So for this week’s Question Time over at ye olde Trouble with Comics, we were asked about the greatest comics gift we’d ever received. (You can read Alan’s response, posted separately as a Stan Lee’s Birthday special). As per usual, I delved into the inquiry at length, relating a gift I received when I was but a young Mikester. But it got me thinking about the number of comic book gifts I actually have received over the years.

As I say in my excessive preamble to the response over at TWC, I usually didn’t get comics as gifts because either 1) I bought what I wanted during my trips to the comic shop, or 2) I bought what I wanted during my work hours at the comic shop. I sorta feel funny asking other people to buy me comics, a habit that continues to this day as I was recently admonished for not informing a certain significant other that a book set I’m thinking about buying for myself could have been a good Christmas gift for her to get for me.
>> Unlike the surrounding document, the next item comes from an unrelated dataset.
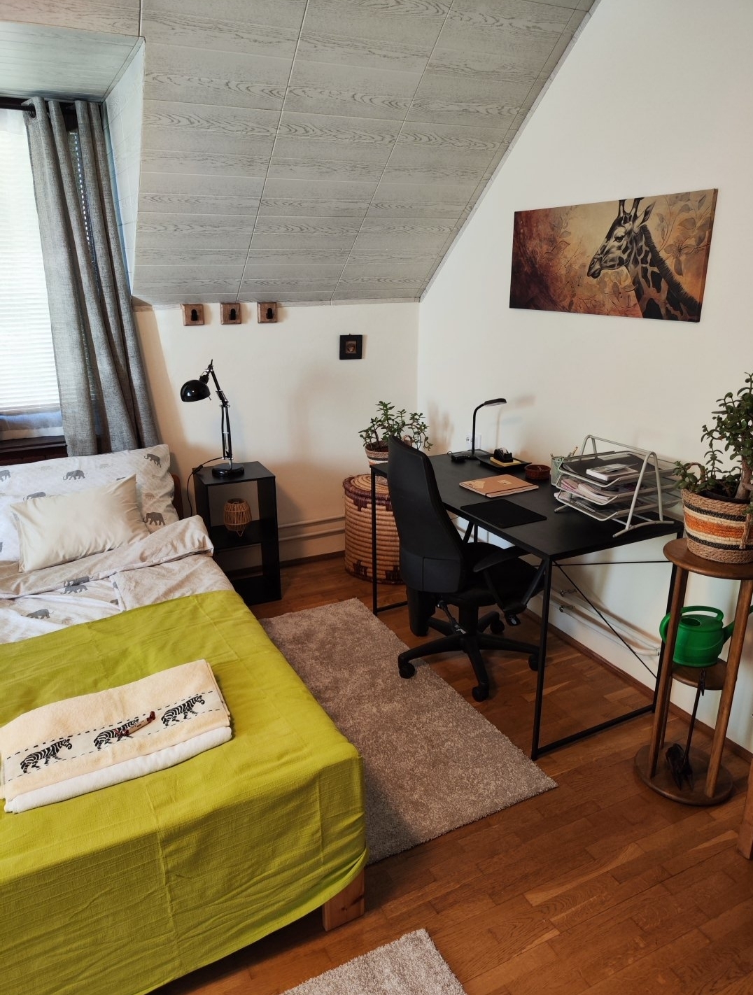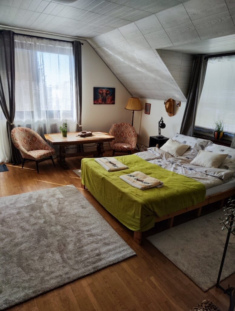 a főváros kertvárosi részén, nyugodt környezetben, egy kertes ház emeletén található. A szálláshely csendes utcában helyezkedik el, távol a város zajától, de kiváló közlekedési lehetőségekkel rendelkezik. A 65 m²-es apartman kényelmes helyet biztosít pároknak, családoknak vagy akár üzleti úton lévőknek is. Két szoba két-két felnőtt számára.

That said, there have been a couple of comic book presents I’ve received over the years. The most recent were a handful of Starman trade paperbacks, catching me up on the James Robinson series I’d just started reading, but that was some years ago.

A few years prior to that (which may have been just before my entry into comics retail) was a massive tome that caught my eye after being drawn back into world of Donald Duck and Uncle Scrooge comics in the mid-1980s. It was Don Rosa (whose work I’d enjoyed in various fanzines) that got me back into the Disney books, but that got me to rediscover Carl Barks, and boy, when I saw this book on the shelves at the comic book store:

I had to have it. Several classic Barks stories, fully recolored, in a nearly 400 page volume that stands 13 inches tall. It’s something else. One thing I remember is that my mother, who used write inside any books purchased as gifts “to my son, Christmas ’82” or whatever, told me that she specifically didn’t write anything inside this book if I ever decided to resell it. Well, fat chance of that happening…even having nearly all the stories inside reprinted elsewhere, this is a special enough item that I don’t want to let it go. There’s even an introduction by George Lucas, with whom some of you may be familiar.

And earlier than that, I received this book as a gift for my 12th birthday:

This extensive encyclopedia helped put some of the pieces together on Superman’s early adventures, which I was only getting here and there in assorted reprints. It certainly helped explain who, say, the Ultra-Humanite was, after I read his reappearance in a Justice League/Justice Society crossover event. And they’re not kidding about the “book length biography of Superman” — Superman’s entry, and nearly every other character’s entry, is essentially a chronological summary of purt’near every appearance of that character. I spent many hours perusing this book, and it wasn’t so long ago that DC reprinted this in softcover, so you can check it out yourself if you’d like. This is a precursor, in a way, to the Marvel Universe/DC’s Who’s Who comics, though the Great Superman Book is a little more convenient in giving specific issue numbers for story events beyond just first or last appearances.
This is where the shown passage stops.